A short history of hospice

Categories: Opinion.

The first hospices probably began in the eleventh century. From the Latin hospes, meaning “hospitality”, they were buildings that gave shelter to pilgrims. They were also places established by the Crusaders for treatment of the incurably ill. In the fourteenth century, a hospice in Rhodes provided refuge for travelers and cared for the ill and dying. Hospices were fewer after the Middle Ages when religious orders were dispersed. After the Reformation the original hospices became hospitals and were used to tend the dying.

Religious communities were instrumental in continuing the movement. These included the Daughters of Charity in seventeenth century France; the Servants for Relief of Incurable Cancer, who opened seven hospices in the USA; and the Anglican Church, which began a hospice in Sydney, Australia in 1907. The Religious Sisters of Charity opened Our Lady’s Hospice in Dublin in 1879. As many as twenty thousand people, mainly with tuberculosis and cancer, arrived there before 1945. The Sisters of Charity opened St. Joseph’s Hospice in London in 1905 as well as three in Australia. Others opened facilities in Australia and the UK, such as the Friedenheim in London, which offered thirty-five beds to people dying of tuberculosis. 
    
The modern hospice movement began in London in the 1950’s with Dame Cicely Saunders. She volunteered at Saint Luke’s Home for the dying poor, where medicines for pain were given on a regular basis instead of only “as necessary”. She believed that terminally ill patients needed compassionate care to help address their concerns and palliative comfort for physical symptoms. She opened Saint Christopher’s Hospice in London in 1967. Research and training there led to the foundation of hospices and home care teams in the UK, US, Europe, Canada, the Far East, and Africa. 
    
Using Hospice as a philosophy of compassionate holistic care, Saunders focussed on the patient rather than the disease and introduced the idea of “total pain”, including psychological, spiritual, and physical aspects. She experimented with a wide range of opioids to controlling physical pain and included the needs of the patient’s family. She discussed her philosophy in tours of the United States, where Florence Wald, the dean of Yale School of Nursing, heard Saunders speak. She worked with her in Saint Christopher’s and brought the principles of modern hospice care back to the United States, establishing Hospice, Inc. in 1971.

Uganda Mobile Pall Care 02In 1965, Swiss psychiatrist Elisabeth Kübler-Ross began to consider the social responses to terminal illness. Her book, “On Death and Dying”, was influential on how the medical profession responded to the terminally ill. Kübler-Ross helped to focus attention on the types of care available.

In some places “hospice” came to mean a place where people who had no other means of support were sent to die.
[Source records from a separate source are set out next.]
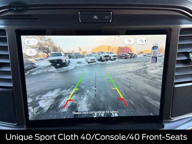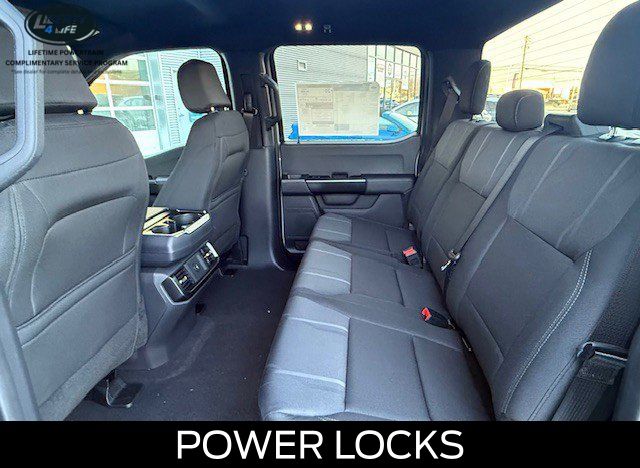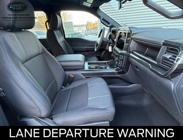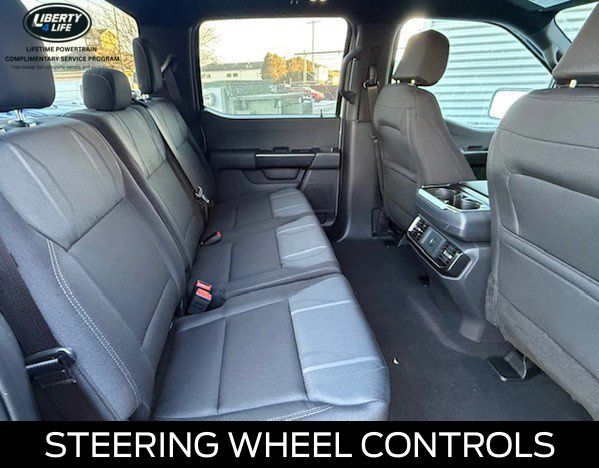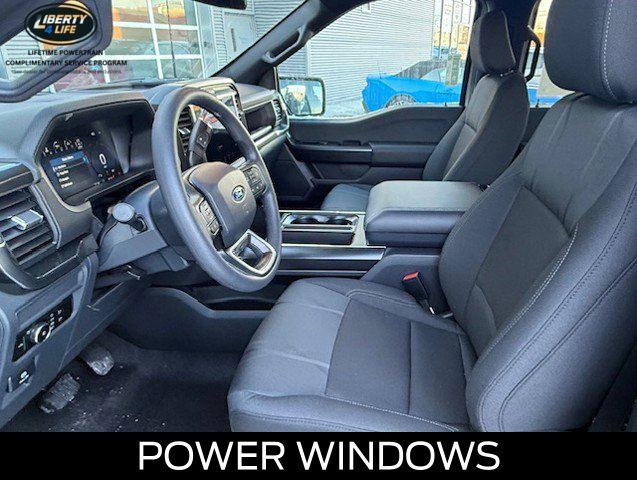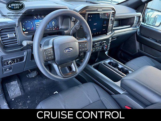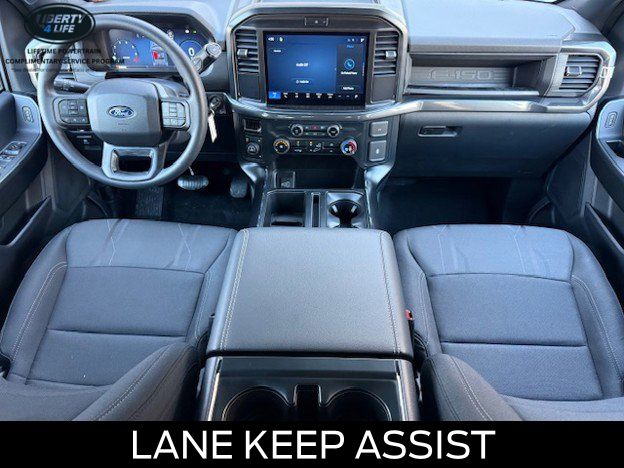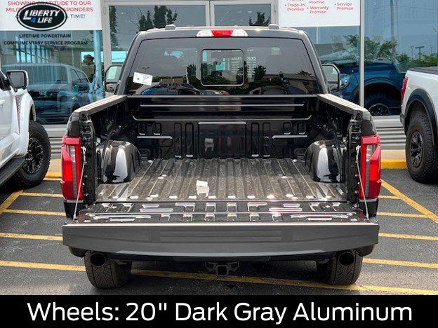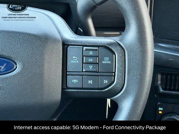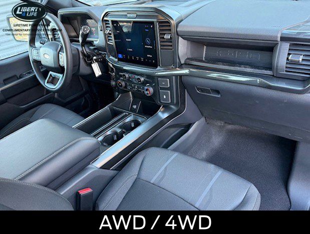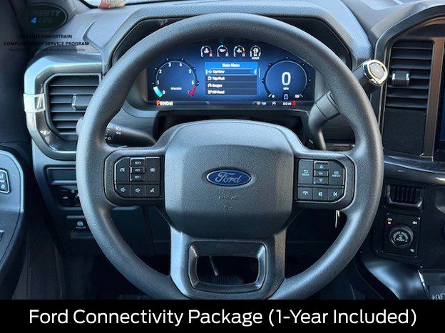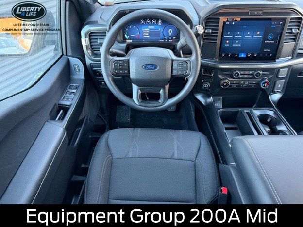 The exterior of this F-150 STX is dressed in a sleek and bold black finish, complemented by 20-inch dark gray aluminum wheels that give it a rugged and sophisticated appearance. The LED fog lamps with cornering lamps provide enhanced visibility, while the 12-inch cluster display keeps you informed and in control.
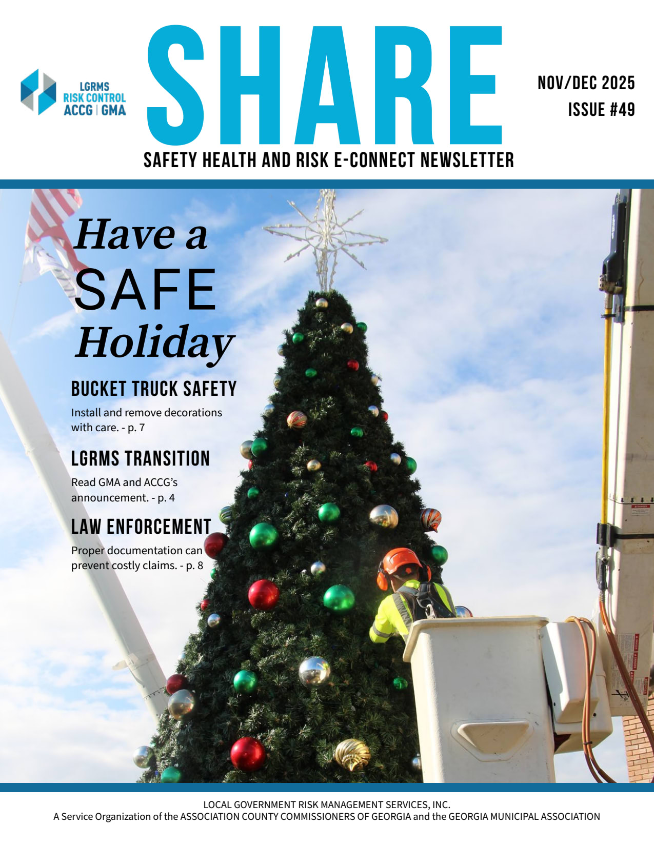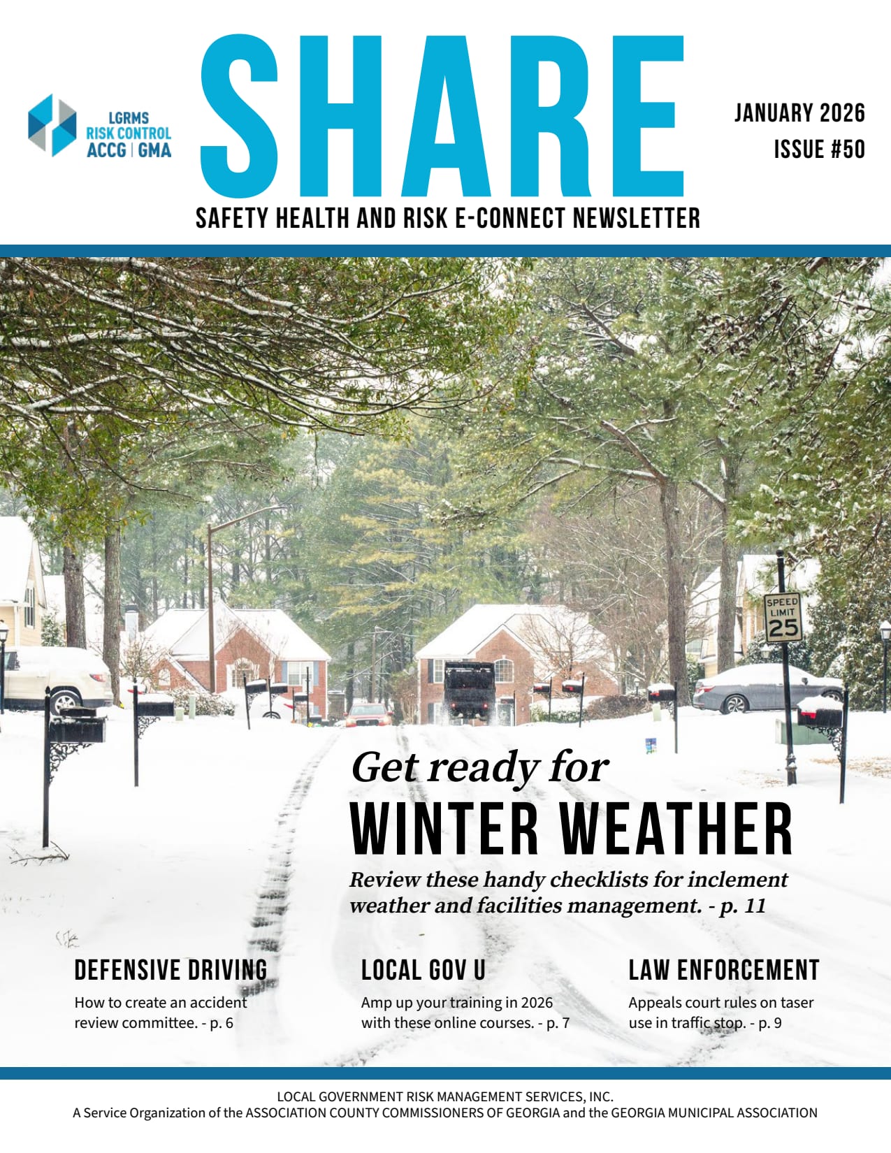 Previously, LGRMS published three Risk and Safety Bulletins; The monthly Safety Theme, geared toward our Workers' Compensation (WC) members, the monthly Liability Beat, geared toward our GIRMA and IRMA Liability members, and Risk Connection, geared toward all pool members. Starting in January 2021, all three of these publications, along with the Health Promotion Services newsletter, "Living Well Georgia", will be covered in a new publication called Safety Health and Risk E-connect (SHARE).
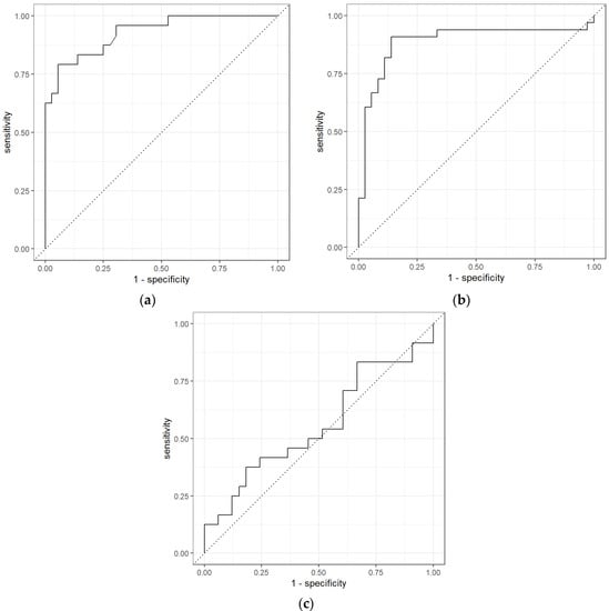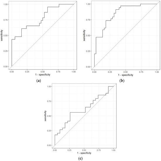 For the early-stage CRC vs. non-cancer comparison using GC-TOF-MS, results show that out of 24 early-stage CRC samples, 16 were correctly diagnosed as CRC samples giving sensitivity of 0.67 and out of 38 non-cancer samples, 34 samples were correctly recognized as non-cancer samples giving specificity of 0.94. As for late-stage CRC vs. non-cancer samples, 26 samples out of 34 were correctly diagnosed as CRC samples giving 0.79 sensitivity and 32 samples were correctly recognized as non-caner samples out of 38 giving specificity of 0.89. However, the results obtained for the comparison between early-stage vs. late-stage were moderate. The sensitivity obtained was 0.46 signifying that 11 early-stage samples were correctly diagnosed, and specificity obtained was 0.61 indicating that 20 late-stage CRC samples were correctly diagnosed. Figure 9 shows the ROC curves for these comparisons.
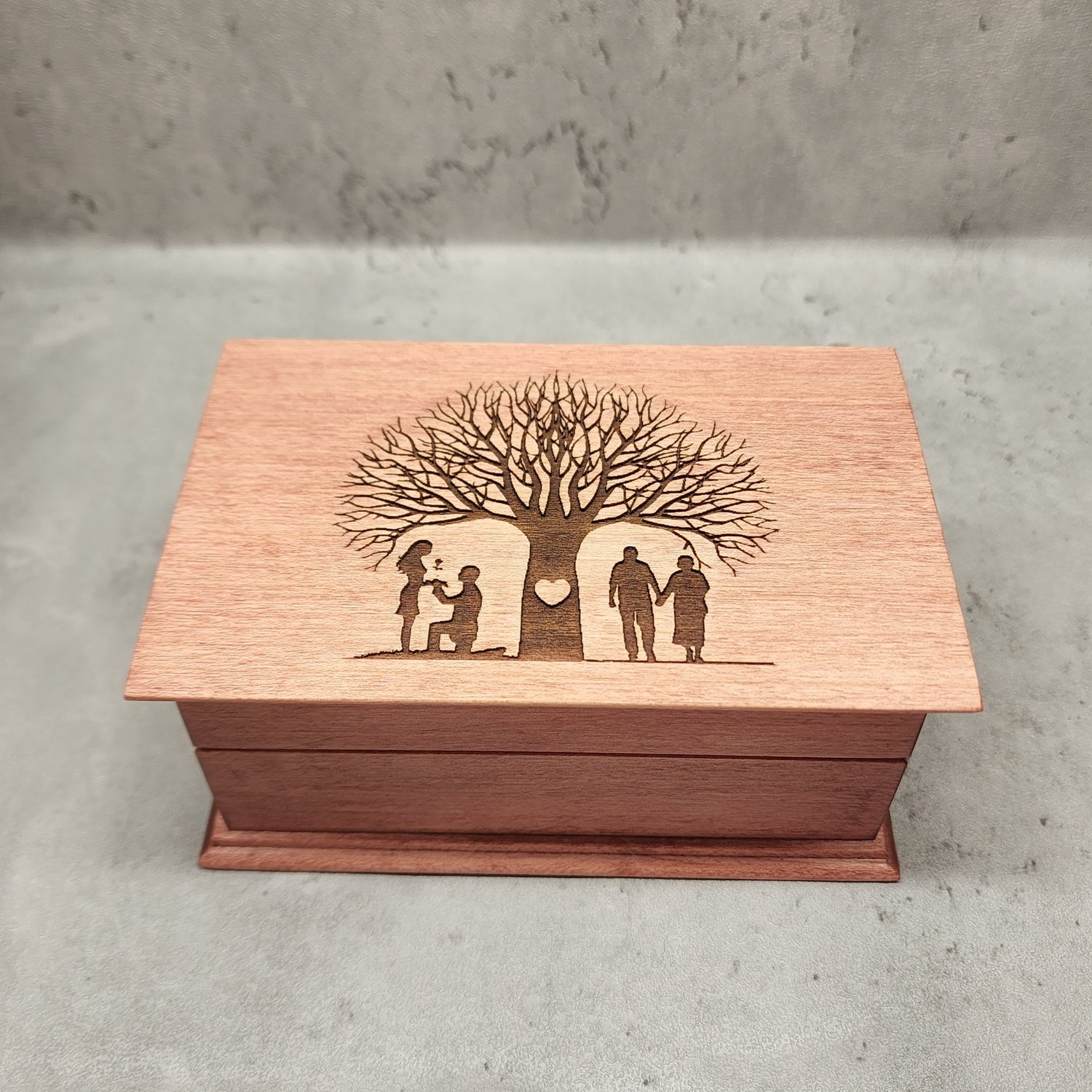 This listing includes 1 wooden musical jewelry box with the carving on pic 1 on it (love couple and tree of life) with your choice of color and song! If you'd like a different engraving, please contact me before placing your order so we can discuss the design and the layout.

For hospice care to be recognized as a new specialty, the name “palliative care” was given. “Palliative”, from the Latin pall, meaning blanket or cover, embraces the care of the whole person. It is the care of people with chronic or terminal illness and their families, when the curative mode of therapy is no longer an option. The aim is to alleviate symptoms and distress, with particular emphasis on pain relief. With pain controlled, patients have space to make decisions and to make peace with themselves and God before they die. WHO recognizes that it is a human right for a person not to die in pain. 
    
Hospice in Africa began in Zimbabwe in 1980, followed by South Africa in 1987 and Kenya in 1990. Dr. Anne Merriman founded Hospice Africa Uganda (HAU) in 1993 with the idea of serving patients in Uganda. It was intended to be a model for Hospice Africa, to encourage the development of Hospice in those countries that did not have the assistance of palliative medicine. 
    
Uganda Carla Simmons Pall CareHAU is based at Kampala, with sites at Mbarara and Hoima. Hospice care in Uganda is supported by community volunteers and professionals. Makerere University offers a distance diploma in palliative care. The government of Uganda has a strategic plan for palliative care and permits nurses and clinical officers from HAU to prescribe morphine.

Palliative care is an urgent humanitarian need for people worldwide with cancer and other chronic diseases. It is particularly needed in places with a high proportion of patients in advanced stages where there is little chance of cure. This is the case for patients and their families in low-resource settings.

In 2008, the International Association for the Study of Pain stated that for the more than ten million people worldwide diagnosed with some form of cancer each year, pain associated with their condition is a serious concern.

*Information for this article was obtained from WHO, Hospice Uganda, National Association of Hospice Fundraisers, and the author’s own notes and personal experience of end-of-life care in Ethiopia.